An early, short-ish tulip, in volcanic shades of scarlet, crimson, cerise and orange. Frilled, puckered and alternately silky-sheeny-shiny and matt, with yellow, green and black, for good measure. The carnival outfit for the outspoken plant in Little Shop of Horrors. An excellent variety for a container – these are in a quite shallow bowl (most tulips demand a deep pot – a Yorkshire Long Tom is ideal for many of the longer, later flowering varieties).

I potted up a lot – hundreds and hundreds – of bulbs during October, November and even December last year, all in containers of one sort or another.

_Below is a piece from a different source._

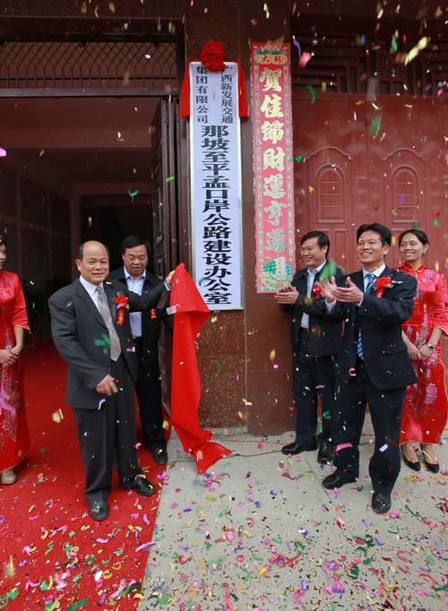 集團(tuán)公司朱堅(jiān)和董事長在儀式上鄭重承諾:廣西新發(fā)展交通集團(tuán)一定秉承“合作共贏,追求卓越,創(chuàng)新發(fā)展”的理念,認(rèn)真貫徹“百年大計(jì),質(zhì)量第一”的方針,調(diào)集精銳之師,配備精良設(shè)備,集中優(yōu)秀人才,精誠團(tuán)結(jié),嚴(yán)密組織,規(guī)范管理,科學(xué)施工,確保項(xiàng)目建設(shè)按期、優(yōu)質(zhì)、安全地順利實(shí)施,把公路路網(wǎng)項(xiàng)目建設(shè)成一個(gè)優(yōu)質(zhì)、安全、廉潔的示范工程,向社會各界和各族人民交出一份滿意的答卷,向自治區(qū)第十次黨代會獻(xiàn)上一份厚禮!

I had the experience the year before, of trying to plant an equal number of bulbs straight into the ground and my back still aches with the memory. Planting them deeply and in a kind of bulb lasagna, larger, later flowering varieties at the bottom and working your way upwards, with a smattering of compost between layers, to the shorter, earlier varieties at the topmost layer. I had hoped this would give a very full effect, with a long period of interest and so far, this is proving to be true.

The colour themes can develop and change – one pot I saw today had an early orange parrot tulip giving way to the more refined lily-flowered Ballerina with Ronaldo, a deep plum, coming through next – and probably something else after that. What I ought to have done is made a record somewhere! But where’s the fun in that?!